In JA Solar,(14) Cayman Islands Chief Justice Smellie summarily rejected the company's attempts to limit the ambit of its own disclosure while simultaneously seeking discovery from the dissenting shareholders beyond the scope of the limited categories of dissenter disclosure that had been ordered in Qunar, observing that:

companies have a marked tendency to seek to provide far more limited discovery than what dissenting shareholders seeks and would ordinarily be discovered in contested commercial litigation. Indeed, companies in section 238 cases also have a tendency to offer directions that are far less obliging than those the dissenting shareholders seek (and have traditionally been ordered).

Having found that that case was "just another example of such" conduct, Chief Justice Smellie went on to determine that the court should approach the company's attempts to row back on established directions with scepticism.

More recently, in eHi Car(15) the court similarly rejected the company's invitation to extend the scope of dissenter disclosure beyond the established categories in Qunar.
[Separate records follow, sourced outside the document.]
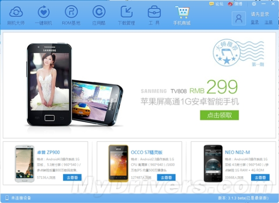 刷机大师还为我们提供了手机商城功能,不过看到那299的SANMENG,笔者真不想说些什么。笔者在使用清除锁屏密码功能时,不管是密码解锁还是图案解锁,均宣告失败,使用其他软件则正常清除,刷机大师功能虽多,但在细节上还需要完善。
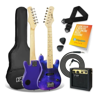 3rd Avenue 1/4 Size Kids Electric Guitar Pack for Junior Beginners 6 Months FREE Lessons, 5W Portable Amp, Cable, Bag, Picks and Strap Purple Galaxy
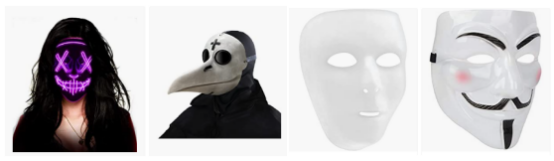 恐怖面具恐怖面具是万圣节cosplay的必备产品,有创意又能带来恐怖氛围的面具更易获得消费者的青睐,比如在多个平台热销的发光面具。
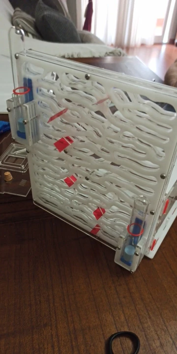 Винты отсутствуют. Во время сборки красный основание сломалось, потому что пространства для его запуска были недостаточно большими: 2 поломки
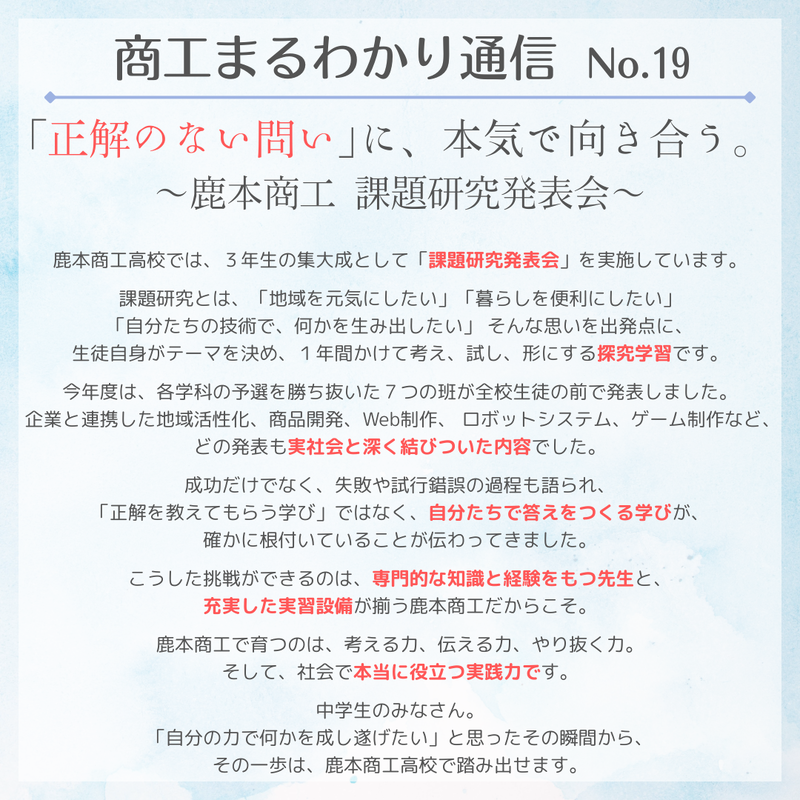 「正解のない問い」に、本気で向き合う。~鹿本商工 課題研究発表会~

In doing so, the court found that the characteristics and motivations of dissenting shareholders are generally irrelevant to the fair value of the dissenters' shares. Further, it noted that:

it is not relevant to ascertain whether they are speculative investors engaged in arbitrage or long-term shareholders who are being 'taken out' by the majority against their will, as fair value needs to be determined in one way for all dissenting shareholders irrespective of whether or not they might be said to be more or less 'deserving'.

Endnotes

(1) The extent to which Cayman jurisprudence in this area will develop by reference to Delaware law continues to be an area of interest.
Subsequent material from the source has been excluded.